Então o que me motiva como cristão é despertar nas pessoas um senso de glorificação a Deus por meio do meu trabalho, por meio do meu exercício profissional, do que eu falo, dos passos que eu dou. Mas sempre com uma visão que parte da oferta que eu estou fazendo à sociedade. Penso que é isso. Não só na cultura. Digo “cultura” porque é o meio onde estou inserido, mas acho que o carro fabricado pelo cristão deveria ser melhor e oferecer mais coisas do que o carro fabricado por um ateu, por um ímpio. A casa fabricada por um cristão deve ter mais qualidade na estrutura do que aquela feita por uma pessoa que não foi alcançada pelo evangelho. Isso que Jesus fala no Sermão do Monte, sobre ser sal e luz. 

Outra coisa que me move (e que eu acho que é pouco falado nas comunidades) são os valores do Reino de Deus. Os valores do Reino de Deus são “sinalizáveis” em todas as esferas da sociedade. Como é que funciona uma cafeteria no Reino de Deus? Como funciona uma pizzaria no Reino de Deus? Como funciona a relação patrão-empregado no Reino de Deus? Como funciona a indústria cinematográfica no Reino de Deus? Como é um documentário sobre moradores de rua de acordo com o Reino de Deus? Como é um debate político no Reino de Deus? Será que é feito com base em fake news, memes e ridicularização do oponente?! Eu tenho dúvidas. 

Sempre me pergunto isso: “Como esse projeto sobre bandas novas funcionaria no Reino de Deus?”. Eu sempre cito como exemplo o programa que eu ofereci na 89 (Rádio Rock), o Ouve Essa. Era um espaço para artistas novos, porque entendi que a programação das rádios de rock estava viciada no mesmo repertório há 20 anos. Então eu pensei: “Isso é errado, é preciso furar esse bloqueio para que novos artistas surjam, para que o público tenha acesso a artistas que não teriam na programação normal”.

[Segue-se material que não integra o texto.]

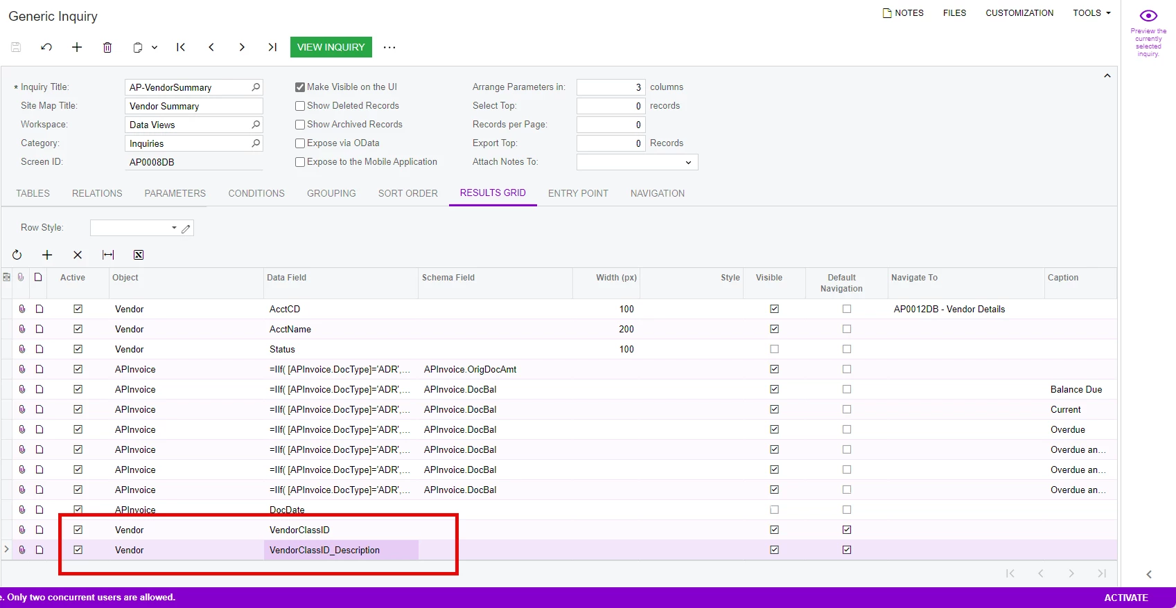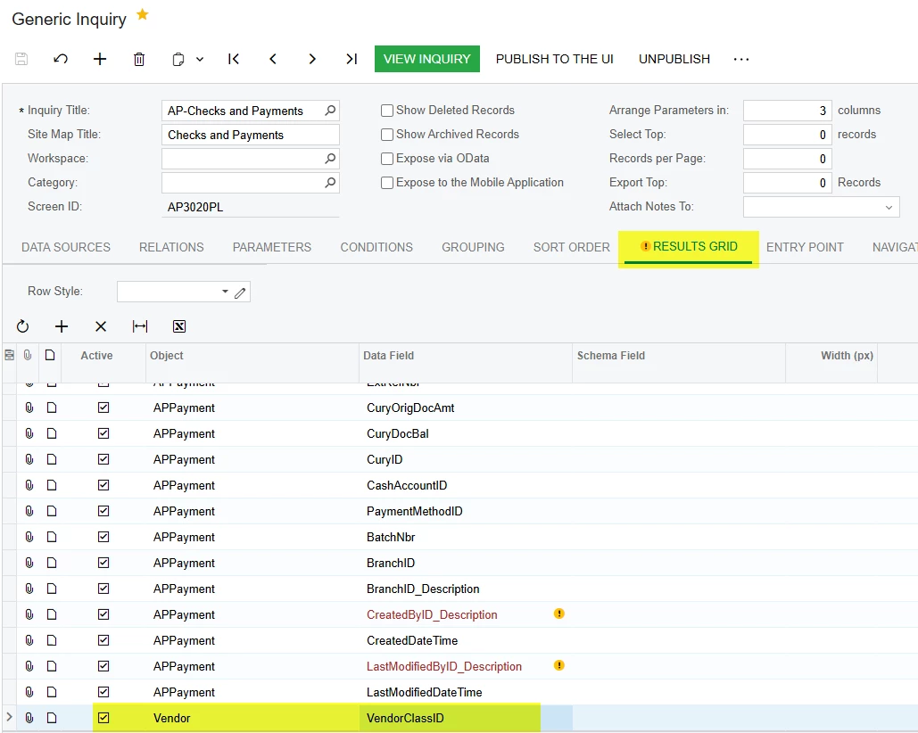 then on the inquiry i went to results grid and added a row which Object = Vendor and data field = VendorClassID:

Essa é uma forma de responder: “Como seria uma programação de rádio de rock no Reino de Deus?!” — me parece que seria menos inerte do que hoje em dia! É isso que eu penso e que sinto falta nas discussões entre nós, cristãos.

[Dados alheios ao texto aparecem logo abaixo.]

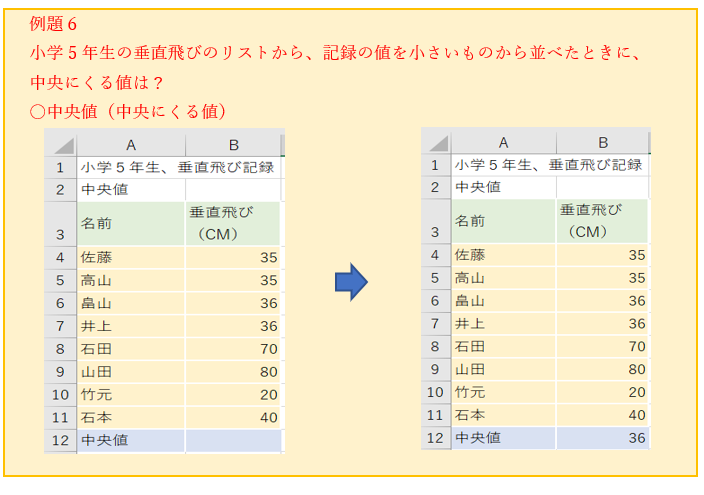 ‘【6】例題6の中央値を計算(MEDIAN関数)

6) Hoje a gente corre o risco, mesmo com tanta cultura disponível, de interagir com a arte, por exemplo, nos moldes de um processamento de dados. Talvez a alternativa a esse consumo vazio seja a mudança de “hábitos culturais”. Que hábitos você considera indispensáveis para que a gente de fato aprecie — experimente beleza e aprenda — cultura?

Acho que o grande risco que a gente corre é perder a relação coletiva que tínhamos em relação à música, de discutir, de conversar… A experiência que eu tenho com jovens ouvintes do Discoteca Básica é a de que nem passava pela cabeça deles que fosse possível conversar sobre música, sabe? Isso foi muito chocante para mim, porque talvez uma das coisas que tenha me aproximado da música é a possibilidade de conversar sobre ela. Não existia na minha adolescência a possibilidade de ouvir um disco sem compartilhar com alguém, sem chamar alguém para ouvir o disco em casa! 

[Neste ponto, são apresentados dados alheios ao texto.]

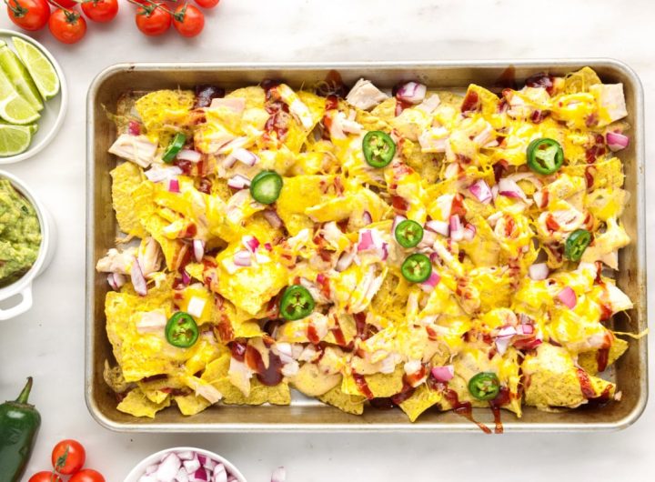 BBQ Chicken Nachos puikiai tinka dalintis su draugais vakarėlio metu arba kaip sotų pagrindinį patiekalą. Jie sukrauti...
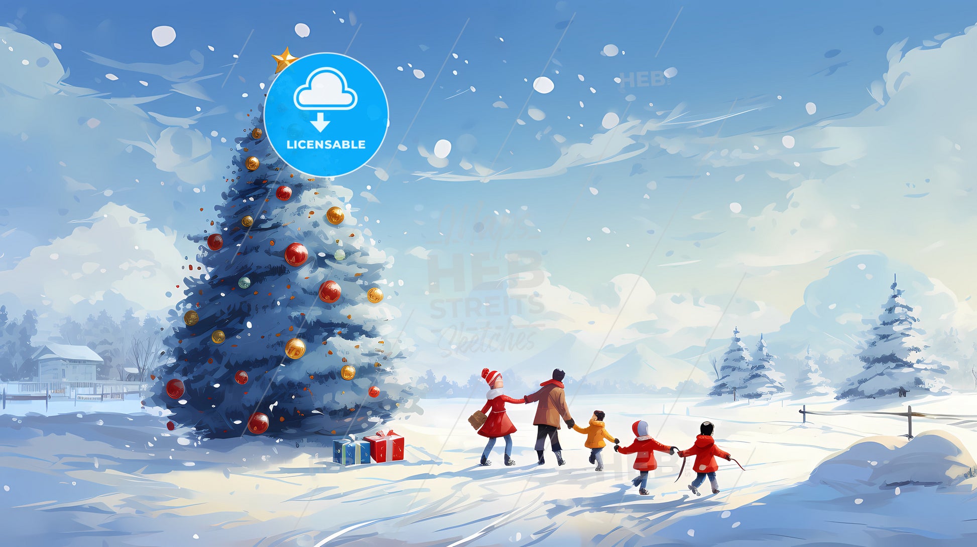White Snow Blue Sky Christmas Tree, a family walking in the snow with a christmas tree.

Esse processo cada vez mais solitário de ouvir no seu aplicativo, no seu celular, é um problema, porque quebra o aspecto quase que comunitário da música: extrair cultura da música, transformar aquilo em cultura coletiva. Isso hoje exige disciplina: algo que a gente faz por que é importante fazer. Por outro lado, as outras artes também passam por uma reinvenção por causa do celular. Por exemplo, o cinema. Faz sentido fazer cinema para ser assistido pelo celular?! É uma pergunta interessante. A miniaturização e a praticidade de tudo é algo para ser revisto. Não estou dizendo que estamos aqui para mudar essa tendência, mas para que a gente (que vive, respeita e debate cultura) tente remar contra a corrente, trilhar esse caminho estreito.